The most popular route when doing the Camino de Santiago Compostela is the Camino Frances. And it starts in this tiny but enchanting Basque village in the south of France. Saint Jean Pied de Port or SJPP literally translates to “Saint John at the foot of the mountain pass”. That mountain is the Pyrénées. Pilgrims or peregrinos congregate here and many small inns and albergues accommodate them. The Pilgrims Center gives out camino route maps and the village parish priest blesses pilgrims who attend mass services. But SJPP is really more than just the starting point for a camino or pilgrimage walk. And one need not be a pilgrim to appreciate this village called Donibane Garazi in Basque. 

There’s the old bridge over the River Nive in this old capital of the traditional Basque province of Lower Navarre. Within the “walled area”, one can walk on the ramparts or go up and down the charming streets called Rue de France, Rue de Espagne and Rue de la Citadelle. The cobblestoned streets are lined with shops and restaurants. The Pilgrims Center is located in here, along the path towards the Citadelle. Some deli and pastry shops have balconies or windows overlooking the river and the old bridge. 

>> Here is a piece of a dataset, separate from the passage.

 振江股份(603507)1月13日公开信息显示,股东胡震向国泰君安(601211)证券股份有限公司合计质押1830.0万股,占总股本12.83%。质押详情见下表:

I’ve seen many locals and a few tourists (it’s still early for the Camino season) go up the Citadelle from where a panoramic view of the village outside the walls can be glimpsed.  In Place de Trinquet, there are more inns and dining places to choose from. It’s lovely just walking up and down these streets, within and outside the walls. The atmosphere is also very congenial as many solo camino walkers are open to making friends and gaining camino buddies. One can never be alone here in SJPP. Saying “Buen Camino” has become the norm. In the village church near the clock tower, the parishioners engaged me in an animated chat seeing I’m “solo” and from the Philippines, which I think is a rarity. Many pilgrims come from France and Spain. 

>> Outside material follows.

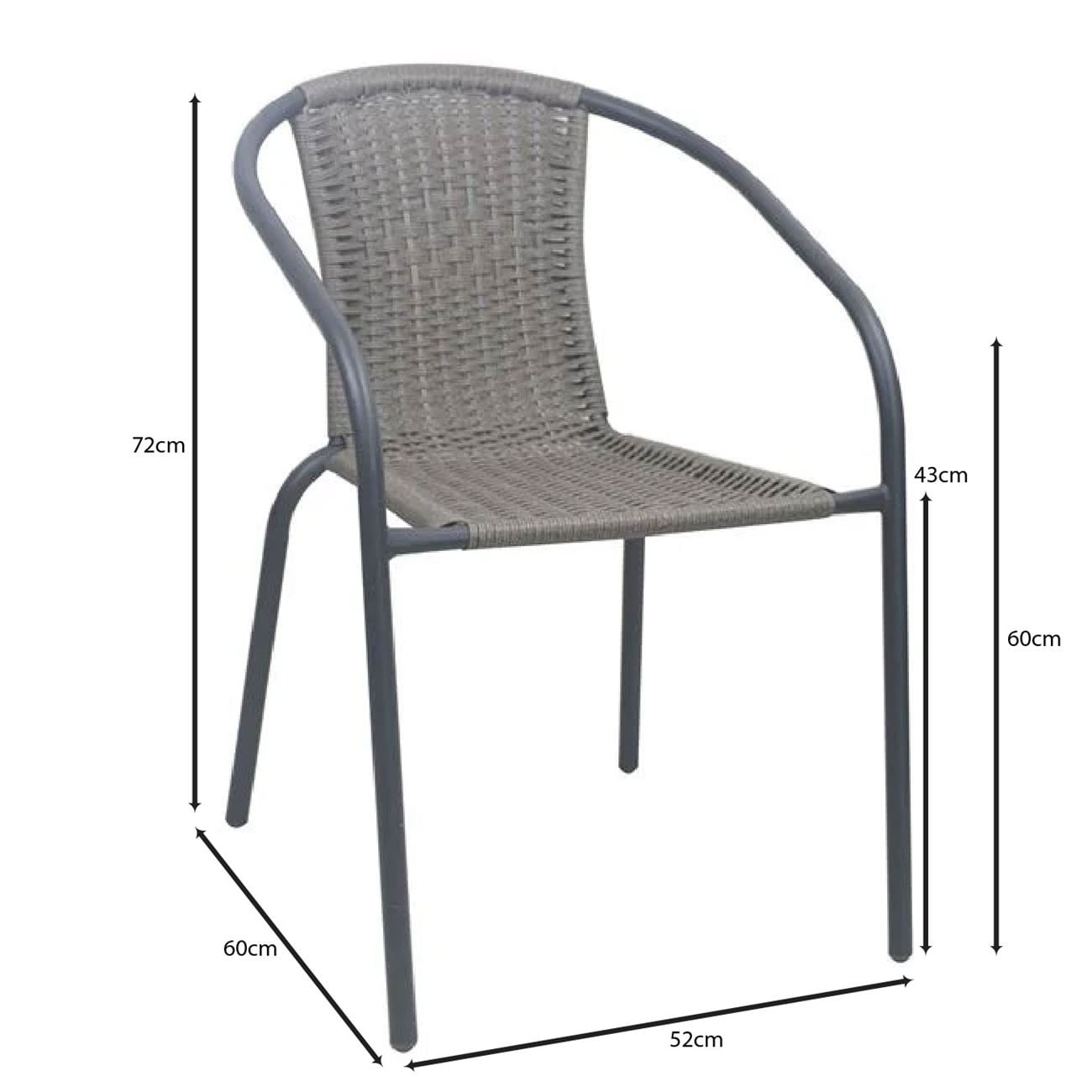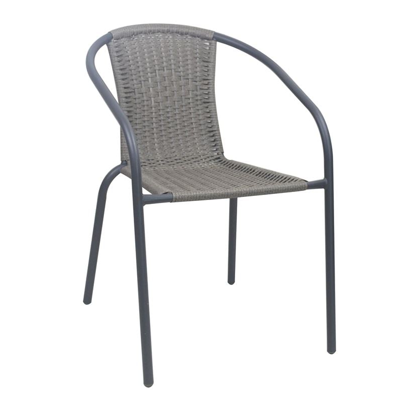 BALENO-W Πολυθρόνα Στοιβαζόμενη, Μέταλλο Βαφή Ανθρακί, Wicker Mixed Grey

SJPP is lovely, even with an overcast sky or even if it rained the late afternoons and evenings we were here. There’s wine to partake to while away cold evenings and the tiny chocolate shops can be tempting. When the sun’s out in the morning, it can still be freezing cold but a good walk is not a bad idea. You can even trace the start of the camino if you like by simply going all the way through the Rue de Espagne and then following the camino signs. Try the first three (3) kilometers venturing out of the village  if you like.  In no time, you’d find bleating sheep and dogs let loose on country roads. 

So how about it? Ready for a walk? Be sure to wear comfy shoes to navigate the cobblestoned paths and a windbreaker to shield you from the wind especially as you hike up the Citadel. Buen Camino!